• **Task description**:
Without any images, write the listing below out word for word.

• **Dataset content**:
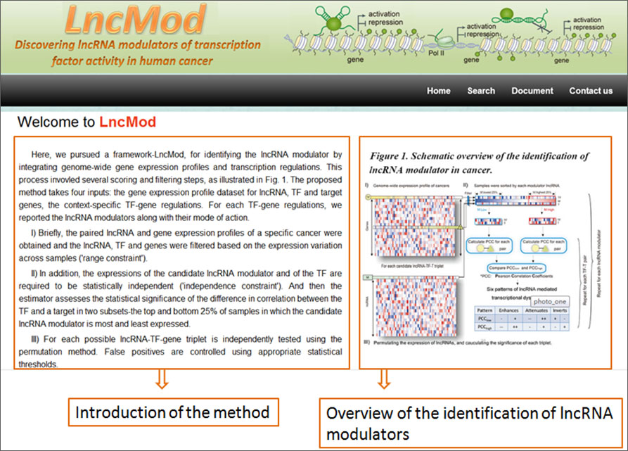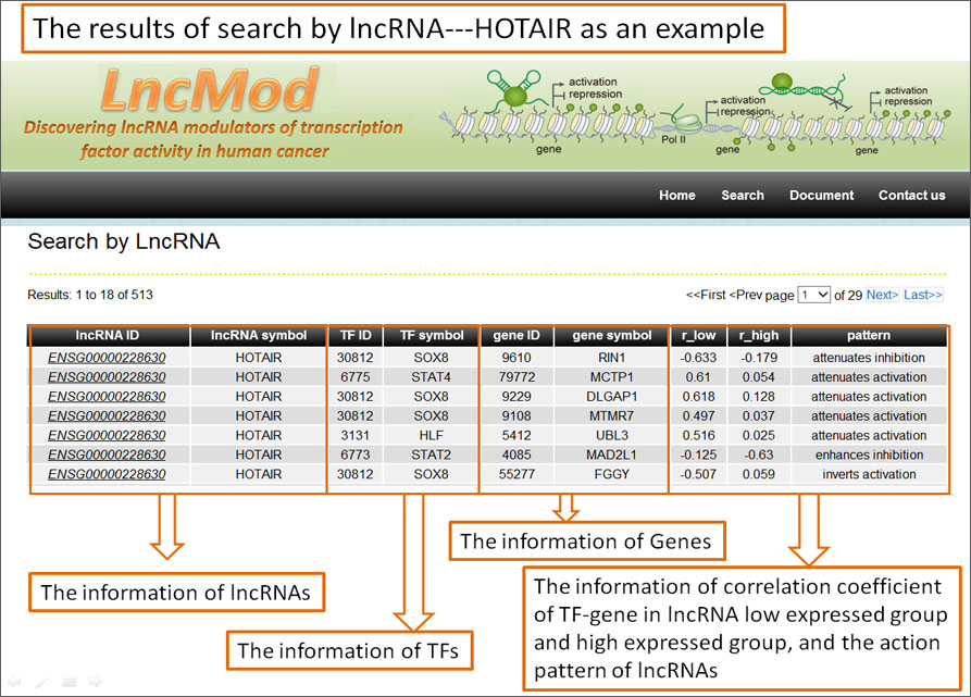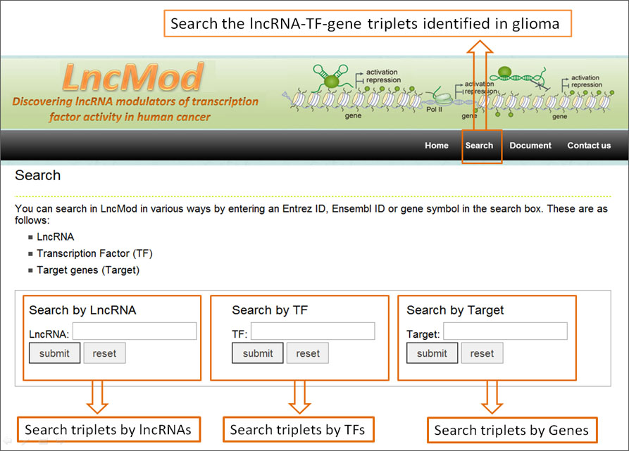 The LncMod provides an interface to retrieve the information about the lncRNA-TF-gene triplets in cancer. The current release of LncMod mainly contains the results in glioma. Users can search by individual lncRNA or by individual TF or by individual genes to view the lncRNA-TF-gene associations. |
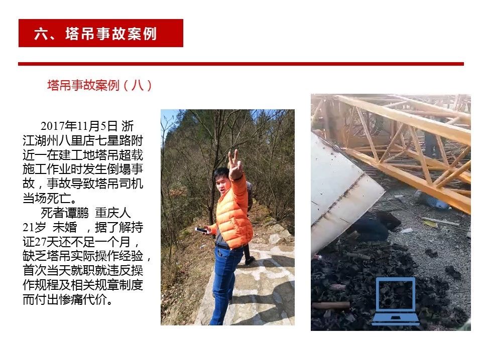 NO.1 塔吊倒塌 工人被压当场身亡8月27日下午2点左右,浙江嘉兴海宁盐官的宏建建设工地塔吊突然倒塌,塔吊上面有2个工人掉下来受伤后被送医,下方另有1名工人被牢牢压住背部当场死亡。
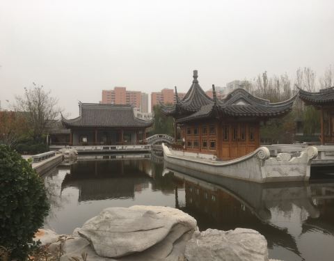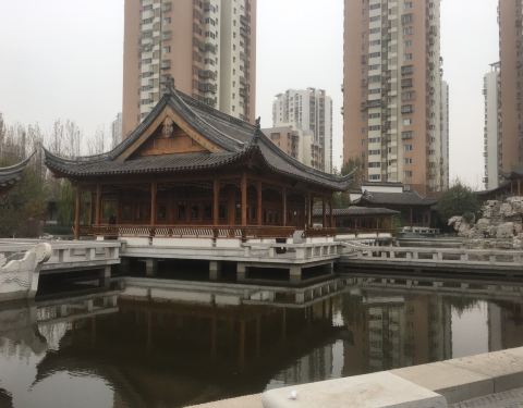 这是天津河北区近年新建的一个公园,以前刚刚建好的时候常来,这次去实在有点大失所望。江南风情的建筑,但是竟然已经有些破败的感觉,离远看还好,近看建筑都破旧了。
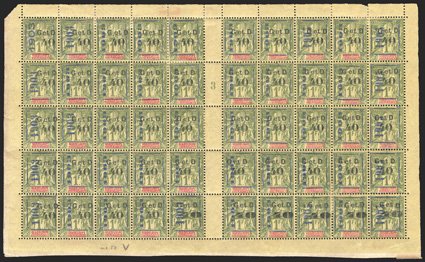 583 og/nhbl Yvert #50g, 50h, 50i ImageYvert #50g, 50h, 50i, 1904 "G et D/40" Ty. m and n surcharges and blue framed "1903" Ty. aa, bb and cc overprints on 1Fr. Bronze green and straw, complete pane of 50, with vertical gutter containing millesimes "3", the six lower right stamps with Ty. n surcharge and the rest Ty. m, while the "1903" overprint shows fourteen Ty. aa, 35 Ty. bb and one Ty. cc at top left, o.g., most n.h., some perf. separations and hinge reinforcements, very fine; a rare and desirable multiple for the specialist (Scott #52 var.). (Image) for hinged €4,335+

• **Solution for this exercise**:
 The LncMod provides an interface to retrieve the information about the lncRNA-TF-gene triplets in cancer. The current release of LncMod mainly contains the results in glioma. Users can search by individual lncRNA or by individual TF or by individual genes to view the lncRNA-TF-gene associations. |
 NO.1 塔吊倒塌 工人被压当场身亡8月27日下午2点左右,浙江嘉兴海宁盐官的宏建建设工地塔吊突然倒塌,塔吊上面有2个工人掉下来受伤后被送医,下方另有1名工人被牢牢压住背部当场死亡。
 这是天津河北区近年新建的一个公园,以前刚刚建好的时候常来,这次去实在有点大失所望。江南风情的建筑,但是竟然已经有些破败的感觉,离远看还好,近看建筑都破旧了。
 583 og/nhbl Yvert #50g, 50h, 50i ImageYvert #50g, 50h, 50i, 1904 "G et D/40" Ty. m and n surcharges and blue framed "1903" Ty. aa, bb and cc overprints on 1Fr. Bronze green and straw, complete pane of 50, with vertical gutter containing millesimes "3", the six lower right stamps with Ty. n surcharge and the rest Ty. m, while the "1903" overprint shows fourteen Ty. aa, 35 Ty. bb and one Ty. cc at top left, o.g., most n.h., some perf. separations and hinge reinforcements, very fine; a rare and desirable multiple for the specialist (Scott #52 var.). (Image) for hinged €4,335+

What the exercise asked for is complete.